2014年12月27日土曜日

平和なきクリスマス

聖書によると、イエスの生まれた晩、天使たちがこう歌ったという。「いと高きところには栄光、神にあれ、地には平和、御心に適う人にあれ」(「ルカによる福音書」2章14節)。この言葉にあるように、キリスト教でクリスマスは平和と結びつけて語られることが多いようである。しかし世界のキリスト教徒にとって、今年のクリスマスほど平和という言葉からかけ離れたものもなかっただろう。その責任の多くは、大国の軍事介入政策にある。

ロン・ポール研究所(Ron Paul Institute for Peace and Prosperity)の事務局長ダニエル・マカダムス(Daniel McAdams)は12月23日付の記事で、紛争地域に暮らすキリスト教徒の苛酷な境遇を紹介しながら、米政府の軍事介入政策を以下のように厳しく批判した。

「レジーム・チェンジ」(体制転換)を唱えるネオコン(新保守主義者)は、標的とした国々に自由と民主主義をもたらすといったが、結果は正反対である。米政府がイラク、シリア、ウクライナなどに残したものは過激思想、飢饉、民族浄化、経済破壊である。

ワシントン・ポスト紙の報道によれば、これまで千年以上なかったことだが、(聖書に登場する)ニネヴェ平原とその県都であるモスルにほとんどキリスト教徒がいなくなった。すでにキリスト教徒の六割はイラクを去り、教会は空っぽとなり、キリスト時代にさかのぼる生活様式の記憶は薄れた。

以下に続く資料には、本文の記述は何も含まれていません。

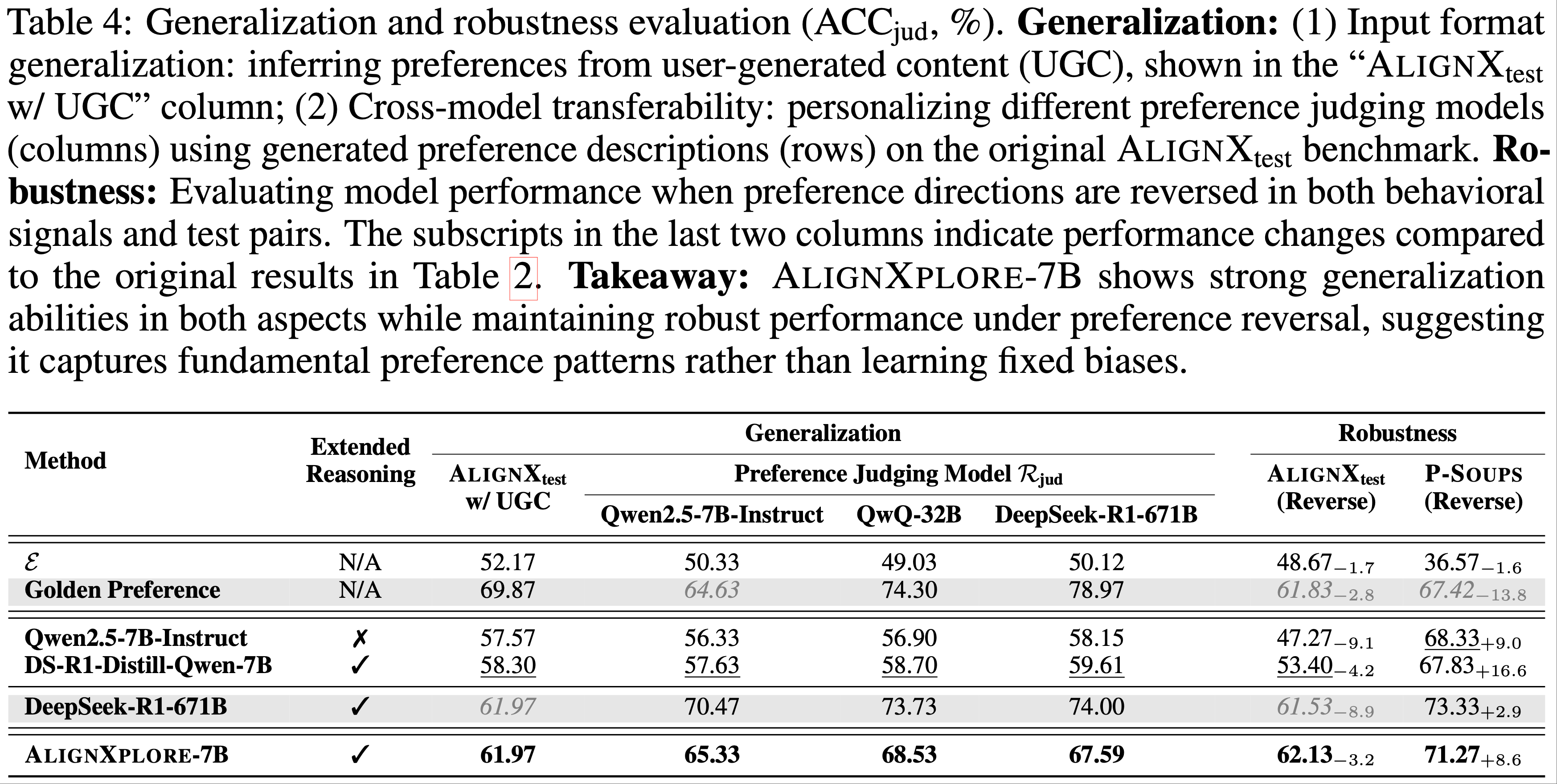 - AlignXplore 还展示了在不同输入格式和下游模型中的强大泛化能力,并在偏好反转时保持了稳健的性能

多くの米国人、とくに主流メディアの情報に頼る人々は、キリスト教徒を殺害する「イラク・シリアのイスラム国(ISIS)」やアルカイダが台頭したのは米軍がイラクから撤収したからだと信じ、米国がイラクを侵略したからだとは考えない。しかし2003年のイラク侵攻前までイラクでキリスト教は栄えていたのだから、同国でのキリスト教衰亡に侵攻が無関係などとどうしていえるだろう。

自宅からの退避を強いられたおよそ五十万のウクライナ人も境遇は同じだ。米国に支援されたウクライナ政府が同国東部の多くを破壊した。米主流メディアは東部の分離派が暴力に訴えたと非難し、それ以前の要因は無視するだろう。すなわち、米国に支援されたクーデターにより、選挙で選ばれた政府が倒される一方、選ばれていない政府が権力を握り、東部ウクライナに敵対したという事実である。

ギリシャ正教の暦でクリスマスとなる1月7日、東部ウクライナの多くの住民はソビエト時代の防空壕で過ごすことになろう。そこには水道もトイレもプライバシーもない。

シリアでは米国が三年にわたりイスラム過激派を支援し、世俗主義のアサド政権を転覆したが、ここでもキリスト教徒はほとんどいなくなった。

以上のように述べた後、マカダムスは米国のキリスト教徒にこう呼びかけ、記事を終える。米政府の介入政策に追随してきた日本の私たちも噛みしめるべき言葉だろう。
クリスマスの準備の手を休め、キリスト教の名において海外でおこわれていることについてよく考えてみてほしい。もし米国のグローバルな介入政策を支持することによって海外でキリスト教の価値観を広めていると信じているのなら、爆撃や断頭台のもっとそばにいるキリスト教徒に確かめてみたほうがいい。米政府の外交政策を支配するネオコンと「人道的」介入主義者の横暴を終わらせるよう求めてほしい。それこそが真に必要なレジーム・チェンジなのだ。